Also, do you have a decoupling capacitor (~0.1uF) between power and ground physically close to each of the chips? Is your ground good and solid between the PIC and the latches? Proper supply voltage for each chip?

Sure would help if you did have a scope. :-\\

Reply to
Mike Silva

I just looked at your diagram again in a fixed font and I see you do have /OE grounded. Sorry 'bout that.

Reply to
Mike Silva

The ASCII schematic might have been slightly ambiguous, but the pluses are meant to indicate that GND and /OE are connected. (This was in fact the first mistake I corrected trying to fix this problem...)

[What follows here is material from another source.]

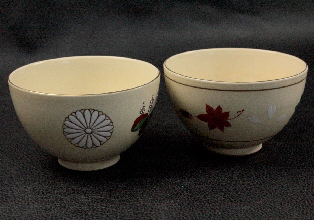 - [2点セット] 龍靖 京焼 色絵 金彩 春秋 茶碗 抹茶椀 茶道 茶道具 茶器 伝統工芸 レトロ 骨董 アンティーク

Decoupling was something I was wondering about; I'm new to earnest applications of digital logic and never had to do it before. I have several 1uF tantalums that I attached to no avail, but first of all I didn't know whether 1uF was a decent capacitance (I don't have any 0.1uF on hand), and secondly I wasn't sure how far was too far. The leads are short on these things, so I wasn't able to make one straddle the chip. The closest I was able to get without changing the arrangement of the parts was to have one lead on the +V pin and one on the ground bus, or one lead on the GND pin and one on the +V bus. Would it help if I were to connect the capacitor to the breadboard row just north of 1 or just south of (pin count divided by two) and use short jumpers for both?

All of the ground pins are connected by jumpers to a bus on my breadboard, and all Vcc/Vdd are connected to another. The power supply is the +5V/GND wires from a floppy connector on a PSU lifted from an ATX computer case.

I believe it.

Thanks PSM

Reply to
Peter S. May

"Peter S. May" schreef in bericht news:QJidnX1HWsJSJQbbnZ2dnUVZ snipped-for-privacy@comcast.com...

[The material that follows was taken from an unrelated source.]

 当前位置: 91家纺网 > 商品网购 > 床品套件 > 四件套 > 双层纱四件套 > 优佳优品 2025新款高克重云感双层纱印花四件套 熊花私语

That 74ABT574 is pretty fast a thing. To make it work reliably it requires good grounding, careful decoupled power supply and short, solid wiring. Wrong datatransfer is most of the times caused by glitches or disturbances on the clock lines. Dips on on the power pin may have the same effect. The glitches you see on the LEDS are most likely caused by unsufficient decoupling or wrong wiring of ground and/or power. When switching LEDs so fast, the wires are cannot be considered shorts. They will look like coils and capacitors and the circuit even may oscillate. (For very short times but nevertheless.) So you need the decoupling mentioned. You'd also not power the LEDs by the same (thin) conductor you use for the logic.

I did not check but maybe the rising edge from the PIC is not fast enough for the 74ABT574. Especially when you have long wires. You can check by placing pull up resistors of let's say 1k on the A-port outputs of the PIC.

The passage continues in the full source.